Business Success is no Accident: Here are the 5 Steps – My Takeaways from The Goal by Eliyahu M. Goldratt


Last Friday, I presented my synopsis of the business book classic, The Goal:  A Process of Ongoing Improvement by Eliyahu M. Goldratt & Jeff Cox.  It is a genuine multi-year best seller, and now I know why.  It is an incredibly useful, helpful, practical book.  Written in fable form, it is set in a factory, but, it is useful for getting any company, any organization, and really, any human life back on the “best track.”

Here are the key points that I included on my handout for my presentation:

Why is this book worth our time?  It deals with this key issue: 

We are not as productive, as profitable, as we could be.  Some thing (some one, some process) is holding us back.  Don’t let this hold you back.

And here’s the solution that the book describes, in usable detail:

• Be crystal clear about your goal.
• Identify your bottleneck – what is keeping you from your goal?
• Get rid of the bottleneck.
• Now, identify your next bottleneck.  (There will be; there will always be!; a next bottleneck).

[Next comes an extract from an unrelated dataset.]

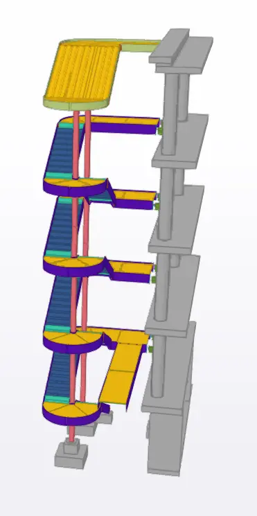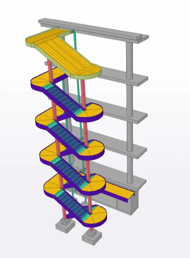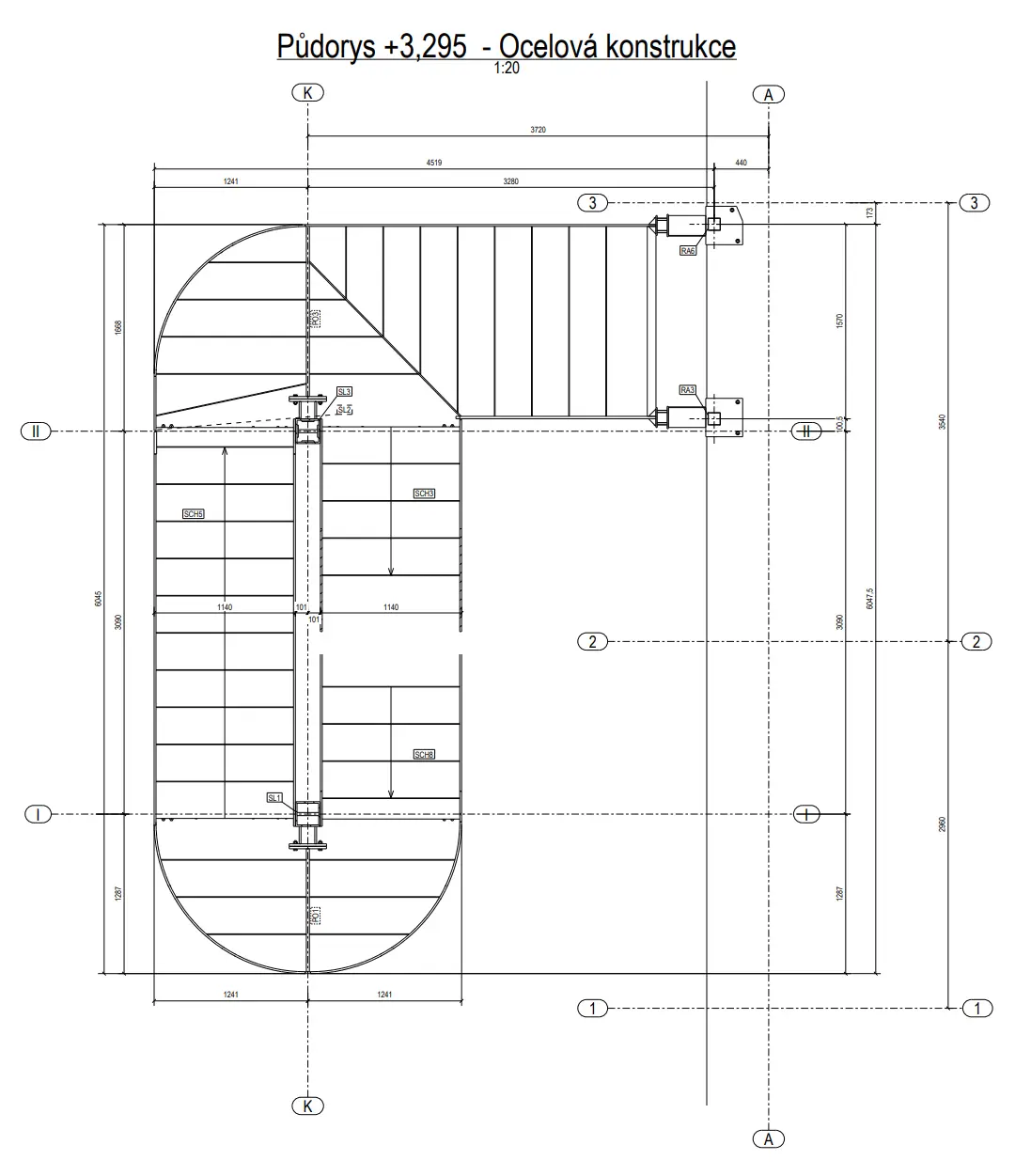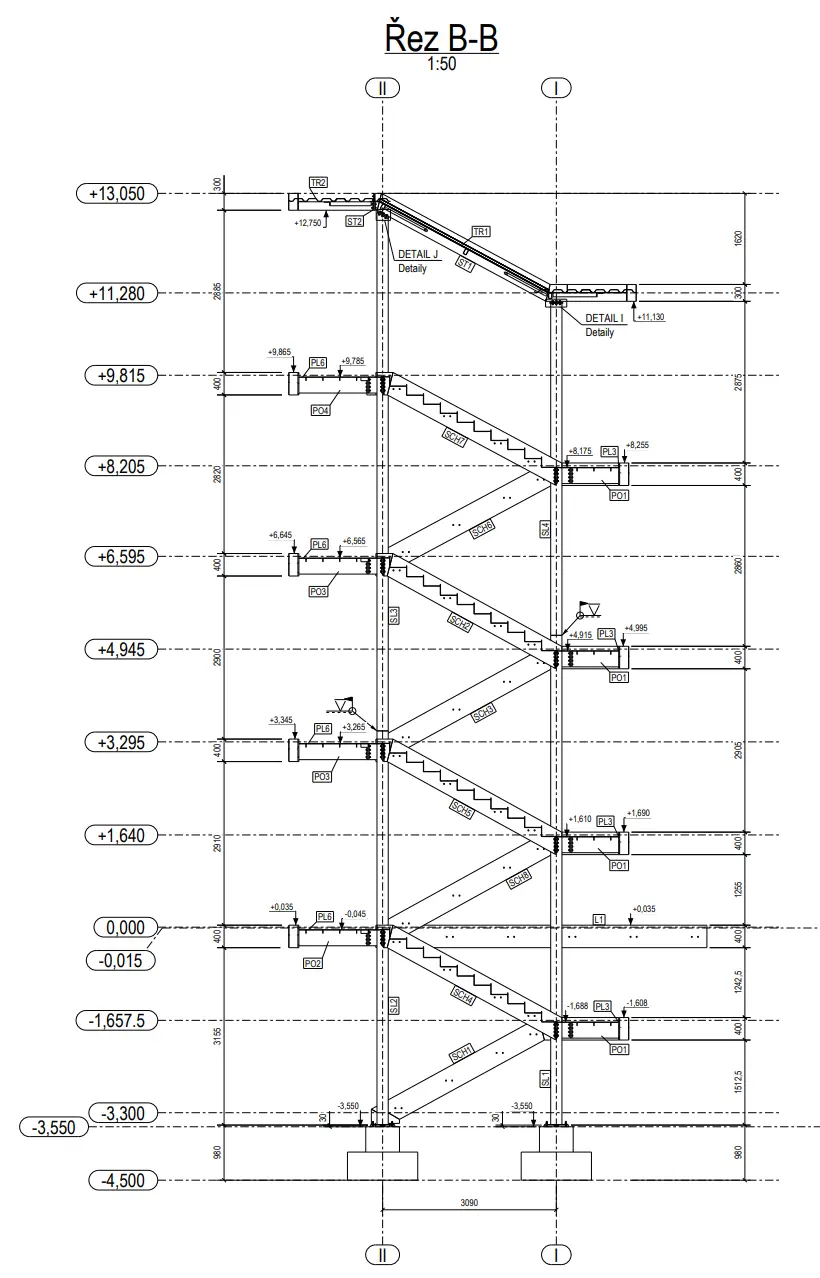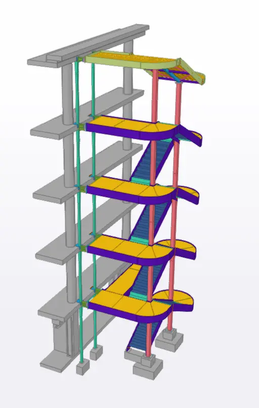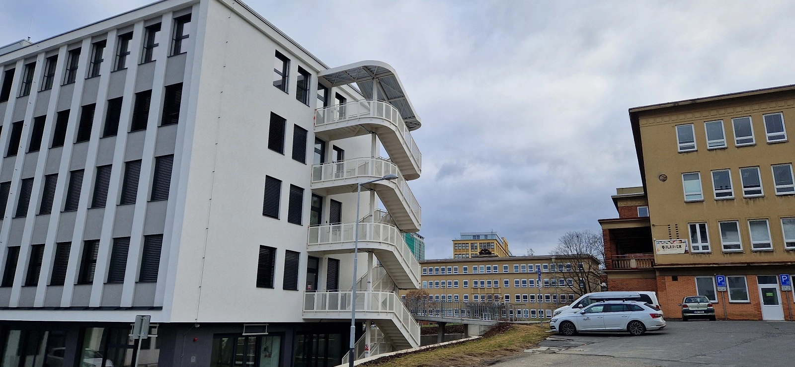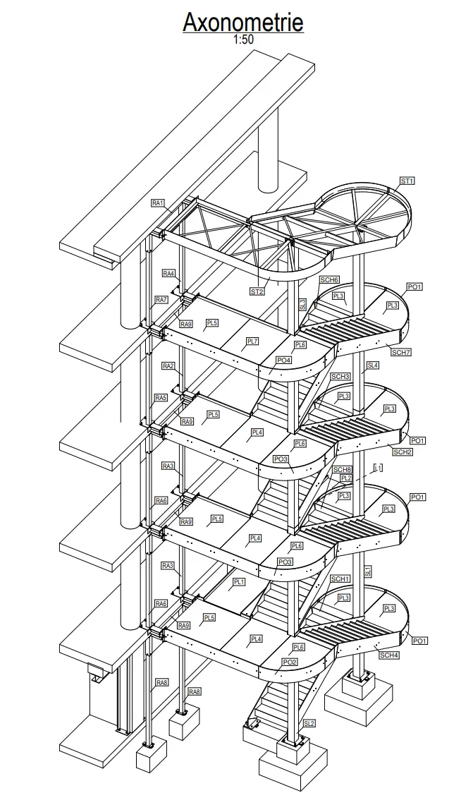 Komplex objektů v širším centru města Zlína prošel v r. 2021 komplexní rekonstrukcí. Naše společnost dodala výrobní dokumentaci pro ocelové konstrukce nových průvlaků, výměn a s nimi spojených sloupů, které bylo potřeba z důvodu montáže konstruovat jako teleskopické. Nejvýraznější částí je vnější únikové schodiště.

The book lists the five steps of the process to follow:

#1 — IDENTIFY the system’s constraint(s).
# 2 — Decide how to EXPLOIT the system’s constraint(s).
# 3 — SUBORDINATE everything else to the above decision.
# 4 — ELEVATE the system’s constraint(s).
#5 — WARNING!!!! If in the previous steps a constraint has been broken, go back to step 1, but do not allow INERTIA to cause a system’s constraint.

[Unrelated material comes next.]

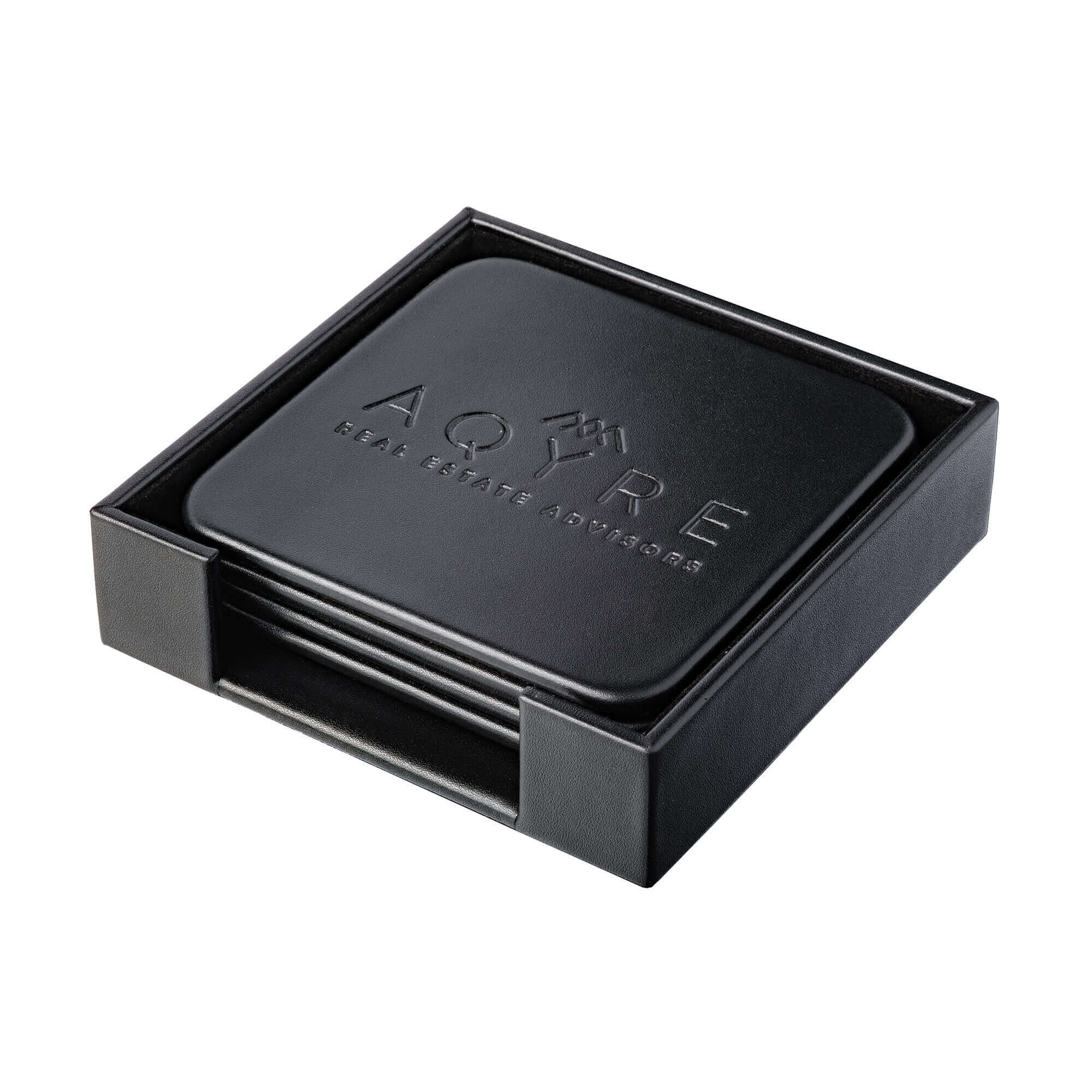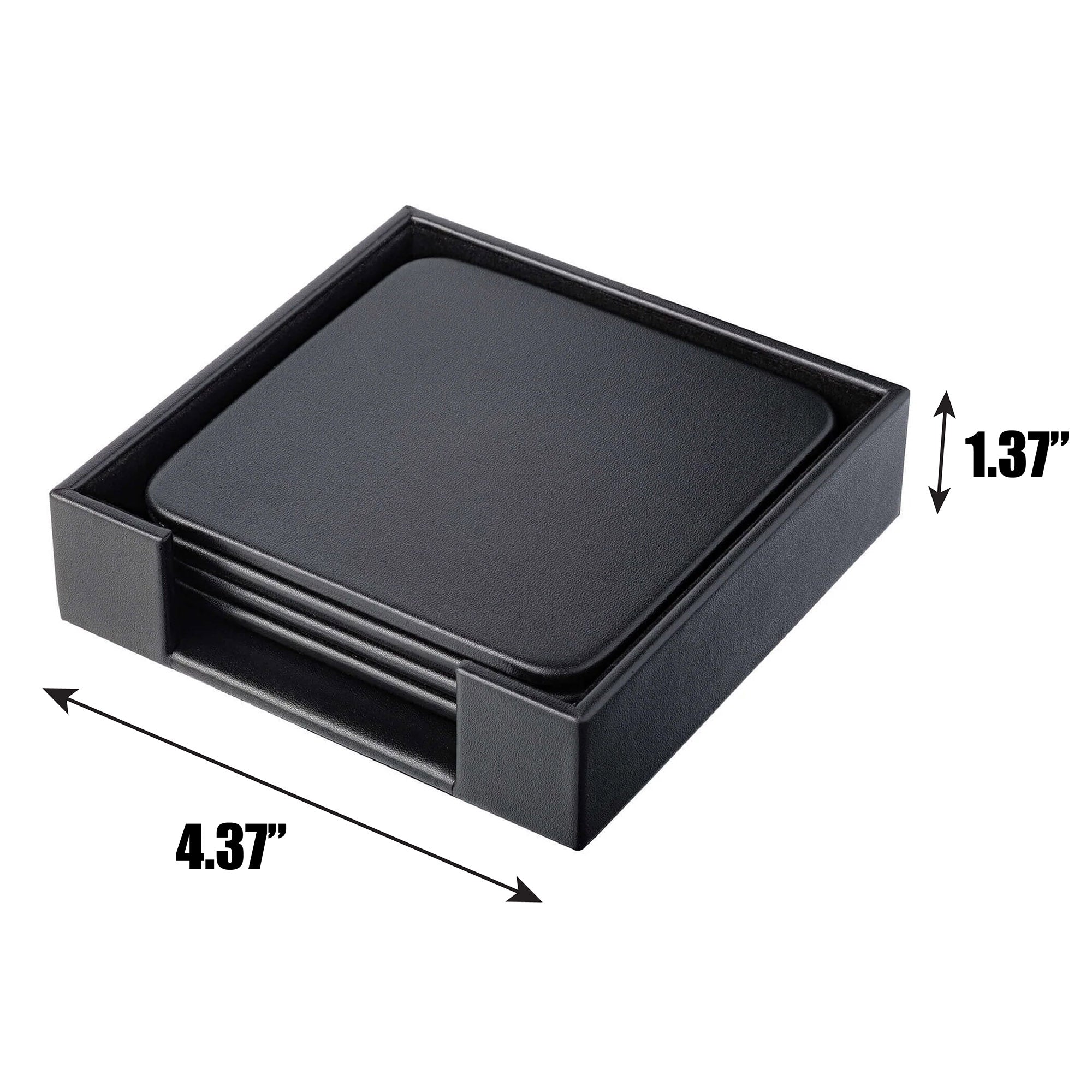 Black Leatherette 4 Square Coaster Set w/ Holder

Here is a more complete description of the problem facing many organizations (and people):

• You are not clear about your goal.  (What is in front of your face makes you forget the bigger picture.  You may not have even ever gotten clear on the bigger picture – your “goal”).
• You (your organization) are not productive, or profitable, in all the ways you could be
• Something is slowing you down – something is causing the bottleneck
• You don’t know what this problem is
• You don’t know how this problem interacts with other problems
• Once you identify it, and “fix it,” then…  you have to repeat the process to find the next new problem.  In other words, there is always a slowest point, a “bottleneck” – that you can make much less of a bottleneck
• And, though you want to identify a machine, a piece of software, something physical/tangible, a person, as the bottleneck, it is very likely that the bottleneck is a process bottleneck.  Look for the process bottleneck.

And here are my takeaways from the book:

1. The Theory of Constraints (TOC) means:
there is a (current) constraint (bottleneck).  Find the constraint, fix it, get a better process, then find the next restraint:  (“A chain is no stronger than its weakest link”).

2.  So –
• do you have the right equipment (software; tools)?
• do you have the right people?
• do you have the right processes?

3.  When time is short, you get moving….
• Maybe we should always “pretend” that time is short.

There are reasons that books sell over the long haul.  Usually, they deal with the true “basics” of success at business (and all-of-life) endeavor.  This book does that very well, and does not disappoint.